Tempo de leitura estimado do artigo: 5 minutos

O que é miastenia gravis?

A miastenia gravis (MG) é uma doença neuromuscular de origem autoimune, que na sua forma mais comum provoca graus variáveis de cansaço e fraqueza muscular, atingindo preferencialmente os músculos de contração voluntária, tais como os dos braços, pernas, face, olhos e os músculos torácicos responsáveis pela respiração.

A fraqueza muscular associada à miastenia gravis habitualmente agrava-se após atividade física ou quando o paciente está mais cansado, como, por exemplo, ao final do dia. Os sintomas tendem a melhorar com repouso.

A miastenia é uma doença grave, mas que nas últimas décadas tem sido adequadamente controlada com novos esquemas de tratamento, o que tem permitido que a maioria dos pacientes mantenha-se ativo e com qualidade de vida.

Neste artigo explicaremos o que causa a miastenia gravis, quais são os seus sintomas, como é feito o seu diagnóstico e quais são os tratamentos atualmente disponíveis.

Causas

A miastenia gravis é uma doença de origem autoimune provocada por um defeito na transmissão dos impulsos nervosos para os músculos. 

Uma doença autoimune surge quando o nosso sistema imunológico começa a produzir autoanticorpos de forma inapropriada, ou seja, anticorpos que vão atacar e destruir elementos e estruturas saudáveis do nosso próprio organismo (se você quiser se aprofundar no assunto, leia o seguinte artigo: Doença autoimune – Causas, Sintomas e Tratamento).

Na miastenia gravis, o sistema imunológico produz anticorpos que danificam os receptores musculares que recebem os sinais produzidos pelos nervos.

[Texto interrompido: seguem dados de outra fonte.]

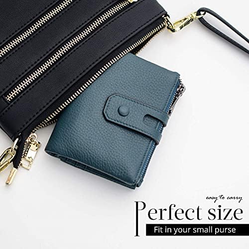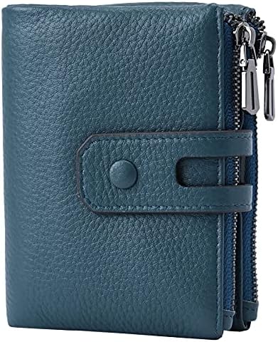 Small Soft Leather Wallet for Women RFID Blocking Ladies Card Holder with Double Zipper Pocket

Vamos explicar como funciona a interação entre nervos e músculos para que você entenda melhor a origem desta doença.

Como os autoanticorpos provocam a miastenia gravis?

Toda contração muscular que você executa é controlada por impulsos nervosos que se originam no cérebro. Você só consegue levantar o braço, mover a cabeça ou andar, por exemplo, porque o seu cérebro é capaz de enviar impulsos elétricos que viajam pela medula, alcançam os nervos periféricos e chegam até as fibras musculares que precisavam ser ativadas.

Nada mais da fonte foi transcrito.